- Written by Logea Nao, Research Fellow, Property Sector Development Research Program, PNG National Research Institute Logea Nao, Research Fellow, Property Sector Development Research Program, PNG National Research Institute
As we continue to ponder on the impacts of COVID-19 on the livelihoods of people and across different sectors of the economy as well as different segments of societies, the demand for land for development purposes continues to swell, especially in major cities and towns of Papua New Guinea (PNG). Indications are that State land is almost exhausted. Customary land, therefore, is required for the economy to grow and livelihoods to be sustained.
There are many sources of demand for customary land. The State requires customary land for delivery of public goods and services such as roads, schools and health facilities. International and local investors with business interests require land to pursue their interests. Local micro, small and medium-sized enterprises (MSMEs) require land to do business. Customary landowners also require land to engage in commercial ventures, entrepreneurial initiatives, and housing, amongst others.
In all the above respects, the challenge is to ensure secure property rights for all; secure titles for the developers as well as protecting and securing the rights of customary landowners. Efforts to introduce reforms to mobilise customary land for development and simultaneously protect and secure the rights of customary landowners have been made since pre-independence days. The current phase of initiatives to access customary land was started in 2005.
From the 2005 National Land Summit, 54 recommendations emerged to guide the reforms. The reforms were aimed at improving land administration within the Department of Lands and Physical Planning (DLPP), improving the process and turn-around time for resolution of disputes and improving the process of releasing customary land for development.

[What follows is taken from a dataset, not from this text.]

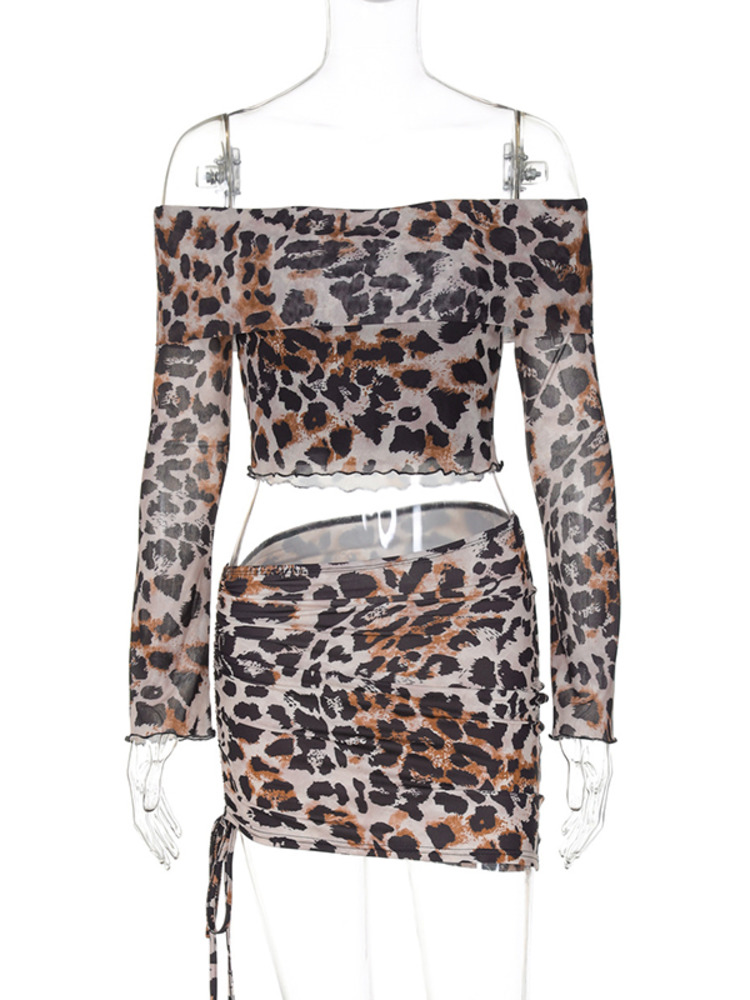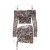 Leopard Print Two Piece Sets Women Off-shoulder Long Sleeve Crop Tops And Mini Skirt Matching Sets Hot Skirt Set

Implementation of the reforms have been progressing. Notable achievements include amendments to the Land (Groups Incorporation) Act 1974 and Land Registration Act 1981. However, the reforms experienced some challenges. These include increase in informal dealings on customary land in peri-urban areas, customary land titles issued under the amended legislations being deemed as unsecure collateral for loans, and introduction of competing government policies (National Land and Affordable Housing Program and Urbanisation Program) to take carriage of the reforms.

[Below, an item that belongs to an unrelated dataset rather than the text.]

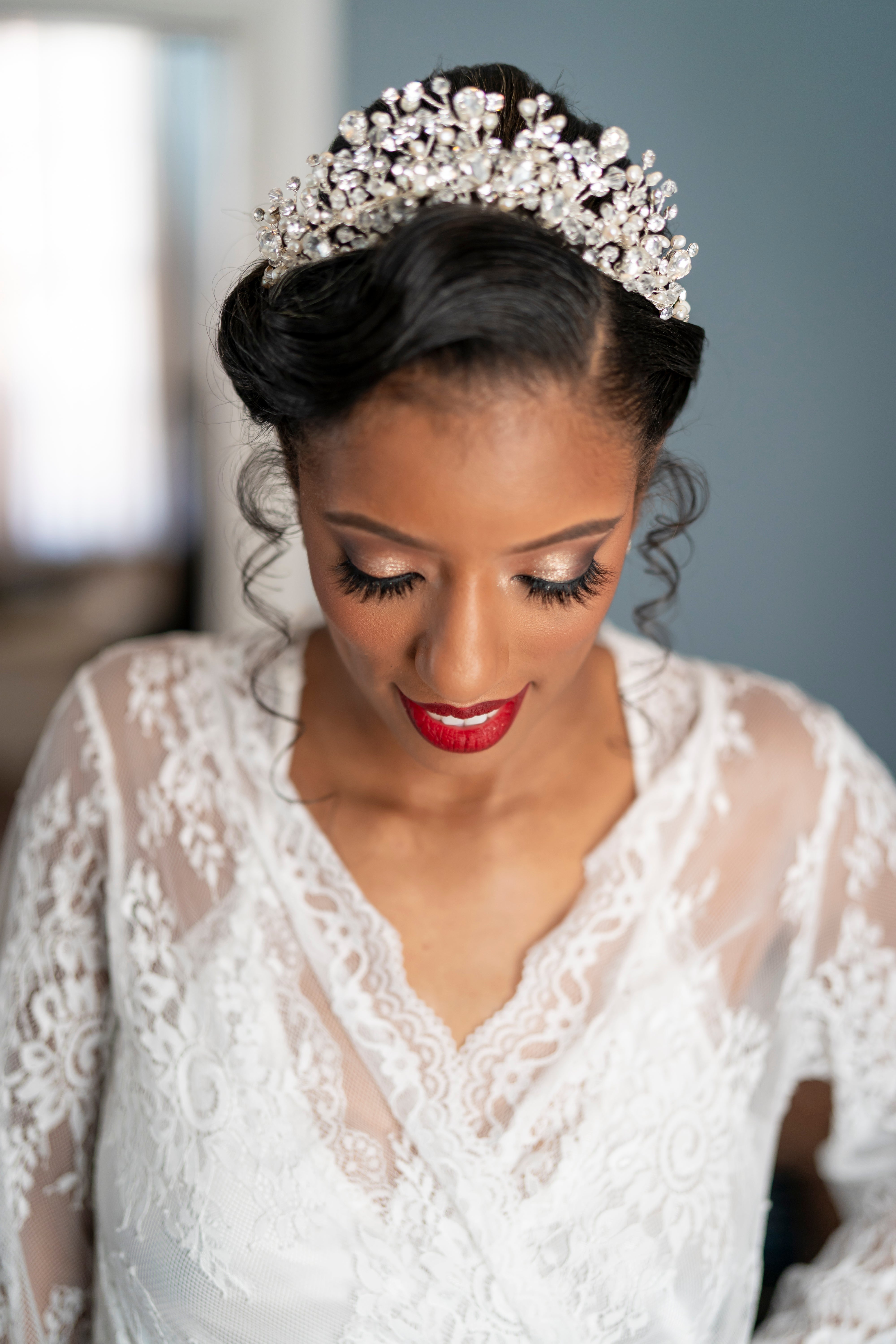 Rachel’s diamond tiara is a show stopper.

To address the challenges, the 2019 National Land Summit (NLS19) was held with the following objectives:
- to understand challenges experienced by users (investors and development partners), regulators and landowners in making customary land available for development; and,
- to explore options and strategies to address challenges identified and to effectively mobilise customary land for development.
The NLS19 deliberated on, validated and adopted 17 resolutions. These resolutions are focused on policies, laws and administration of customary land. The aim of the current reform is to ensure that systems and processes for development of customary land work better for all concerned by effectively mobilising customary land and protecting the rights of landowners.
One key element that is necessary for current reforms to achieve its intended objectives is an effective customary land administration system - a system which provides a secure title for developers and landowners.
During the NLS19 consultations, calls were made in all four regional workshops for customary land offices to be decentralised to the provinces and districts with devolution of appropriate powers and properly trained officers based at provincial and district offices, and for the offices to be fully resourced.
As Parliament prepares to debate the proposed Organic Law on Decentralisation in the November 2020 sitting, citizen voice on delivery of customary land services remains clear and needs to be taken on board. Three critical issues that need to be considered and addressed are:
- Harmonisation of all land administration legislations related to decentralisation including District Development Authority Act 2015 and the various City Authority legislations.
- Devolution of appropriate powers for land administration, physical planning and other functions necessary for development of towns and cities in provinces to provincial governments.
- Varying prerequisites for service delivery in provinces.